His equalled-best Grand Slam performance to date came in 2001 where he and Petr Pála lost in the final of the 2001 French Open to Indians Mahesh Bhupathi and Leander Paes. Vízner and Pála also made the quarterfinals of the 2001 Wimbledon Championships, but lost to Belarus's Max Mirnyi, ranked 5th, and Belarusian compatriot Vladimir Voltchkov, ranked 406th, despite being up 2–1 in set score. In 2001, he also reached number 13, his highest rank to date.

He dropped out of the top 20 for doubles in 2002, having not won a title and losing early in many events.

2003, however, broke his title drought. He won an International Series Gold tournament in Stuttgart and one other title with compatriot Tomáš Cibulec. He finished the year ranked 27.

In 2004, Pavel won three titles, making them his 6th, 7th and 8th titles of his career. He then went on to lose in the third round of Wimbledon and the quarterfinals of the U.S. Open in 2005 alongside Cyril Suk. He won Costa do Sauípe and Estoril with youngster partner Lukáš Dlouhý in 2006, and the team lost in the semifinals of the French Open.

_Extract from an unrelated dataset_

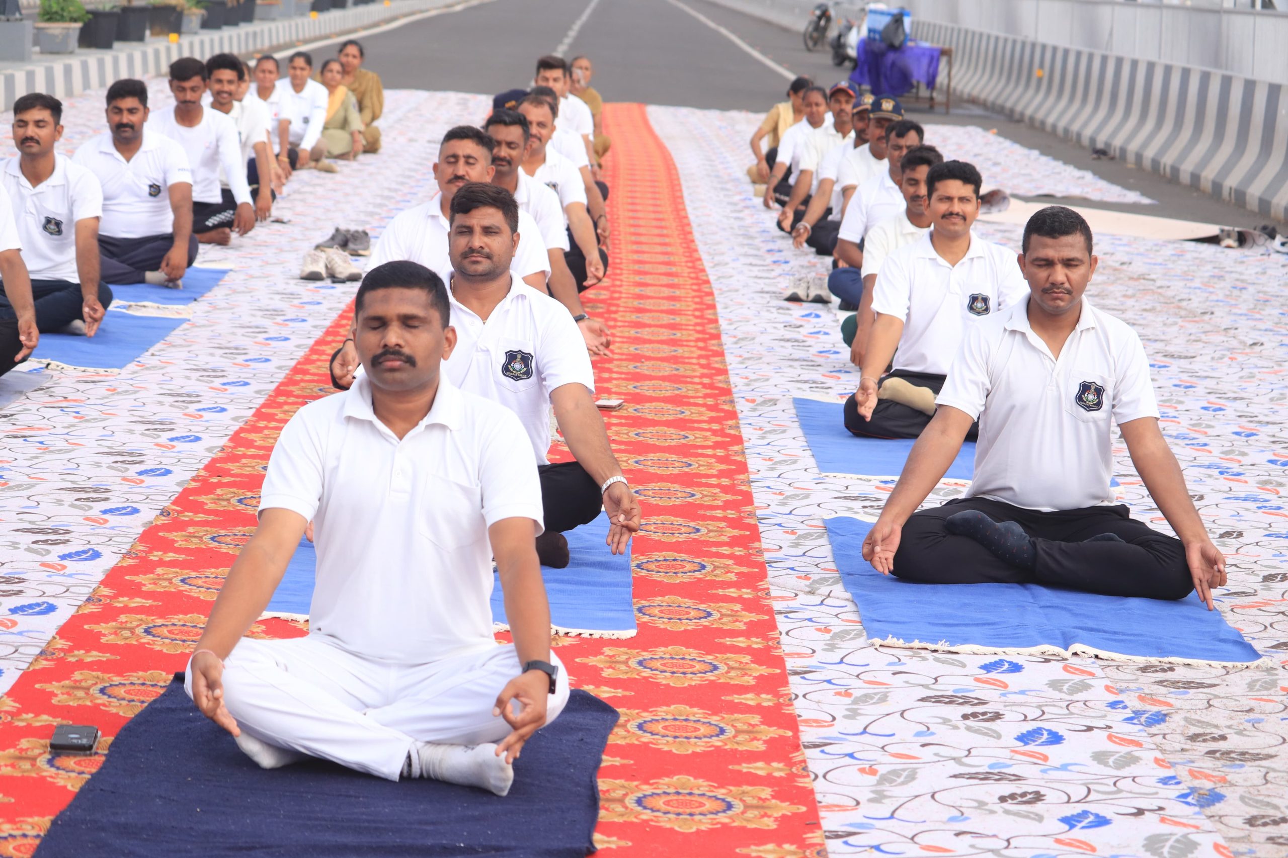 “વિશ્વ યોગ દિવસ” ની ઉજવણીમાં દેવભૂમિ દ્વારકા જિલ્લા પોલીસ દ્વારા “સ્વસ્થ દ્વારકા અને સુરક્ષિત દ્વારકા” સુત્રને સાર્થક કરવા સામાન્ય પ્રવાહથી અલગ રહેતા વર્ગો પર ધ્યાન કેન્દ્રીત કરી એક નવતર અભિગમથી લોકોમાં યોગ વિશે જાગૃતતા લાવવા પ્રયત્ન કરવામાં આવ્યો હતો. જે અંતર્ગત દ્વારકામાં મનોદિવ્યાંગ બાળકો સાથે પોલીસ દ્વારા યોગ-પ્રાણાયામ કરવામાં આવ્યા હતા. આ સાથે ખંભાળિયા અને ભાણવડમાં પોતાના પરિવારથી દૂર એકલવાયું જીવન ગુજારતા કુલ 38 સીનીયર સીટીઝનનાં ઘરે-ઘરે જઇ તેમની સાથે પોલીસ દ્વારા યોગ-પ્રાણાયામ કરી અવગત કરવામાં આવ્યા હતા. આજના મોબાઈલ યુગમાં સરકારી એસ.ટી. ડેપોમાં તેમજ એસ.ટી. બસોમાં બસનાં અધિકારી, કર્મચારીઓ તેમજ મુસાફરી કરતા યાત્રિકો સાથે નવરાશનાં સમયમાં સમયનો સદુપયોગ કરી યોગ-પ્રાણાયામ કરાવી તેનાથી થતા ફાયદા વિશે સમજ કરી જાગૃત કરવામાં આવ્યા હતા.

2007 was a successful year for Vizner, as for the veteran aged 37 teamed with the young Dlouhý. The team defended their Costa do Sauípe title and continued their success to make the finals of Acapulco right after, but lost to Potito Starace and Martín Vassallo Argüello 0–6, 2–6.

He went on to equal his best Grand Slam performance by making the finals of the 2007 French Open men's doubles tournament with Lukáš Dlouhý, notching a win over co-ranked number ones and twin brothers Bob and Mike Bryan, and then beat 2006 Wimbledon runners-up Fabrice Santoro and Nenad Zimonjić. They were to play Mark Knowles and Daniel Nestor in the final. Vízner and Dlouhý easily took the first set 6–2, but then lost the next two and therefore lost to Knowles and Nestor.

Vízner went on to win an ATP Masters Series tournament with Mahesh Bhupathi at the Canada Masters in Montréal. En route, the team took out Leander Paes and Martin Damm, the defending U.S. Open champions of 2006 for men's doubles, and Bob and Mike Bryan in the semifinals. They beat Paul Hanley and Kevin Ullyett in the final.

Vízner returned to partnering with Dlouhý, and made a comeback as a team; as for they beat the Knowles / Nestor team avenging them for their French Open victory at the 2007 Cincinnati Masters. However, their success was halted by the eventual-winning Israeli duo of Jonathan Erlich and Andy Ram. As of 21 August 2007 Vízner is ranked 14, one away from his all-time career-high doubles ranking after 19 years of playing professional tournaments.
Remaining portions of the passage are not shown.